6.2.12

D'O Artista' II

Não quero tentar sequer igualar a crítica do filme que aqui foi feita. Apenas quero fazer alguns apontamentos deste belíssimo filme que está em exibição. É que, por momentos, fui transportado para uma sala totalmente diferente, sem as orgias sensitivas dos efeitos especiais do 3DMax e bandas sonoras estridentes, com o mesmo horror ao silêncio que pauta o quotidiano na actualidade. Durante este filme mudo conseguia ouvir o suster da respiração ou as gargalhadas do público, imaginar a entoação das falas ou abanar a cabeça com o ritmo contagiante de uma banda sonora que podia ter sido tocada pela banda do Benny Goodman.

Há vários filmes mudos que são recentes, como é o caso do Habla con Ella, do Almodôvar. Há também filmes que prestam homenagem à ditosa época do cinema mudo. Woody Allen não podia ficar de fora dessa leva nostálgica, com Rosa Purpura do Cairo - filme que retrata maravilhosamente o ambiente de uma sala de cinema por alturas da Grande Depressão.

Não me recordo, porém, de filmes mudos que prestem homenagem a toda uma época - ideia que, a ser inédita, tem mérito. Nesse aspecto, todo o filme é coerente. Diria mesmo que, apesar da expectativa inicial, conseguiu surpreender-me desde o começo, quando o George Valentin diz, através da frase entre aspas sobre fundo preto,

"I Cannot Speak".

Ao longo do filme, pomo-nos na pele dos actores que, como sabemos, acabaram a carreira quando o cinema mudou de paradigma, talvez não tanto pelo afonismo, mas porque a voz seria estridente ou mal colocada. Todavia, o enredo é algo ingénuo, não sendo típico do cinema mudo. Remete, acima de tudo, para filmes algo posteriores, como Citizen Kane (a cena em que o magnata lê, ao pequeno almoço e com a esposa, a sua reputação desfeita nas gordas do jornal) ou Sunset Boulevard (um dos meus filmes preferidos, do qual me lembrei pelas referências feitas ao amor puro, desapego ao dinheiro e à gratidão).

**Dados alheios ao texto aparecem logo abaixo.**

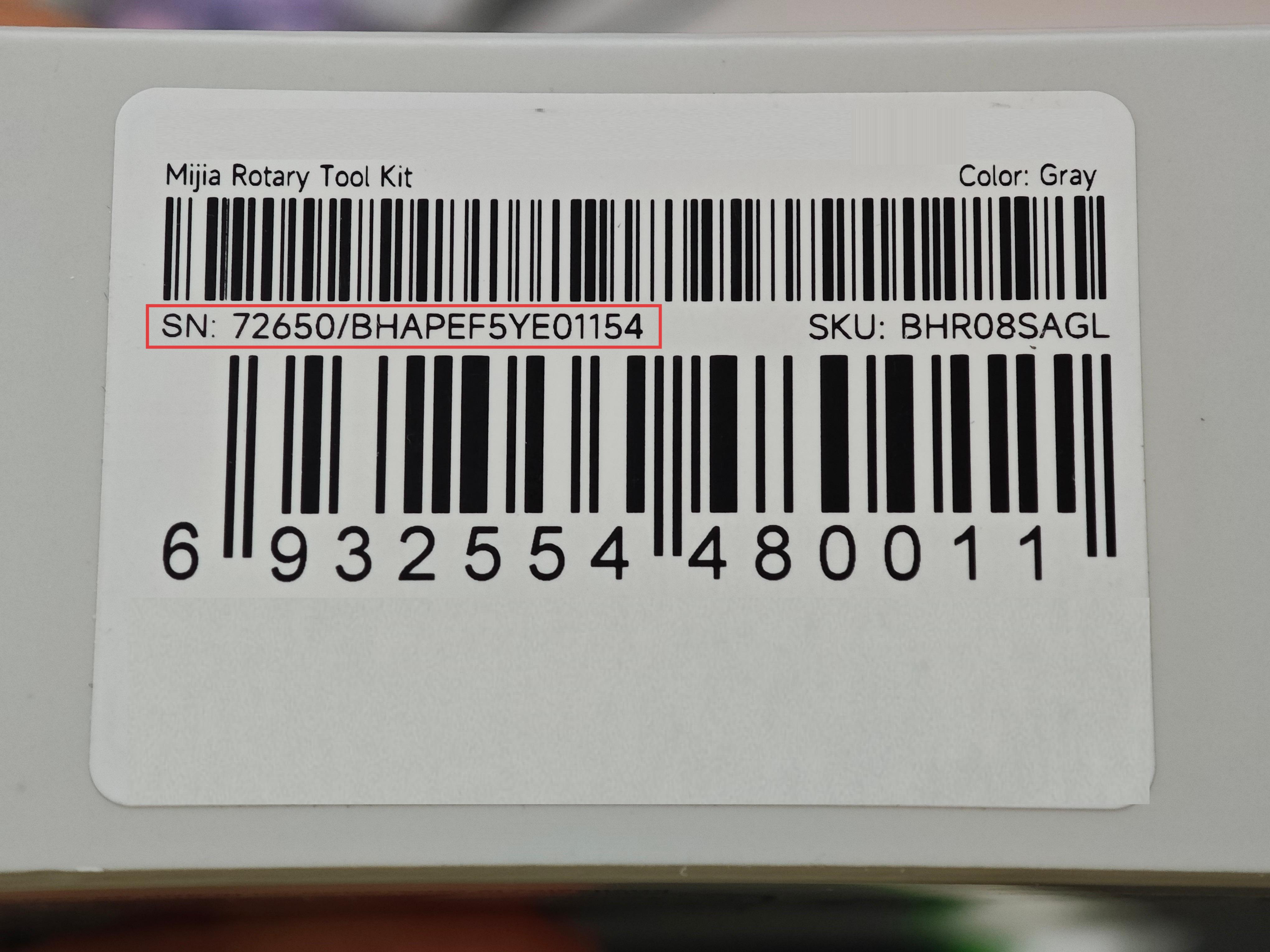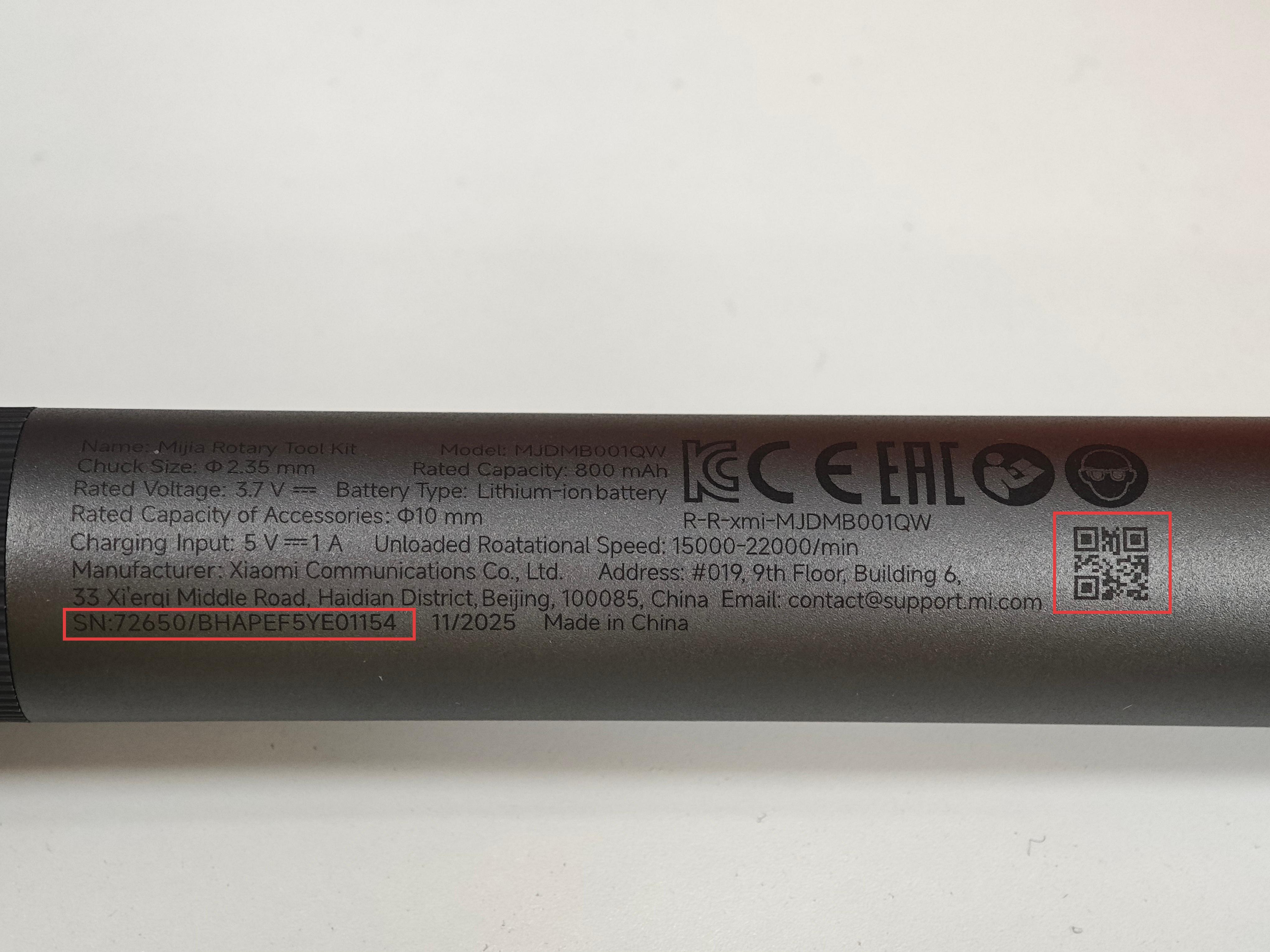 2. El cuerpo del producto también tiene un número de serie impreso. Y el SN está en forma de un código QR, grabado con láser en la carcasa exterior del Mijia Rotary Tool Kit, puedes escanearlo usando la Scanner App en tu dispositivo.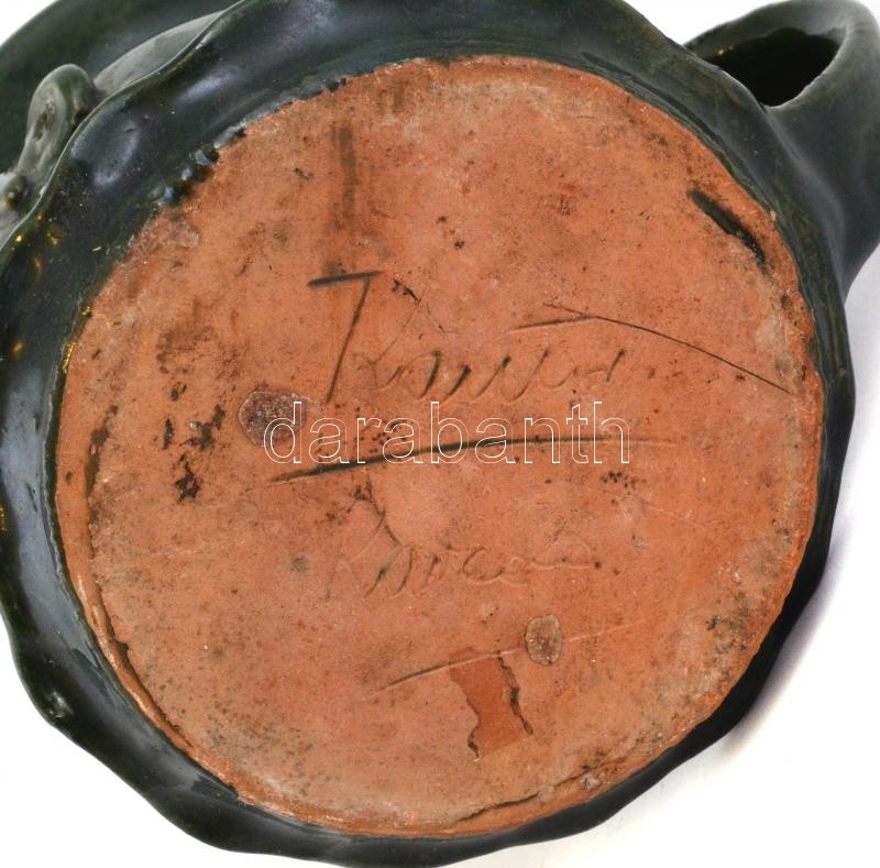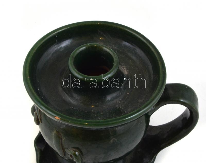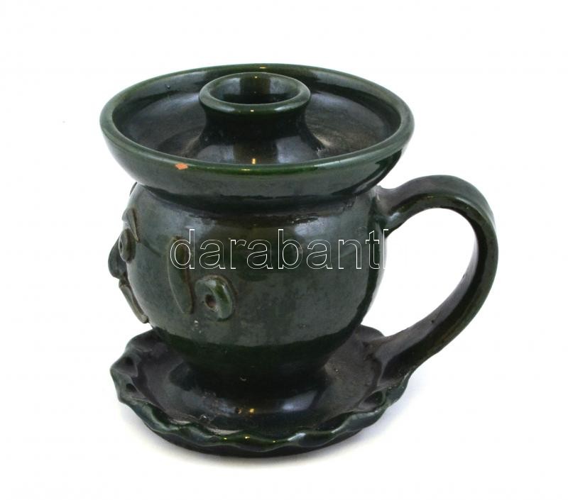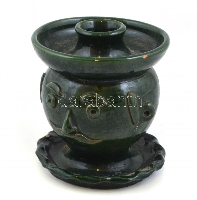 Beschreibung: Fej alakú gyertyatartó, alján jelzett, mázas kerámia lepattanással, m: 15 cm

Não posso deixar de mencionar o desejado bigode do George Valentin, claramente inspirado no Zorro que nos aparece no filme mudo de 1920. A Bérenice Bejo fez um excelente papel, sendo a sua fisionomia mais que adequada para representar a beleza dos anos 20.

Resta-me então recomendar este filme para todas as idades; será um desperdício se a maioria do público continuar a ser composto maioritariamente por gente saudosista.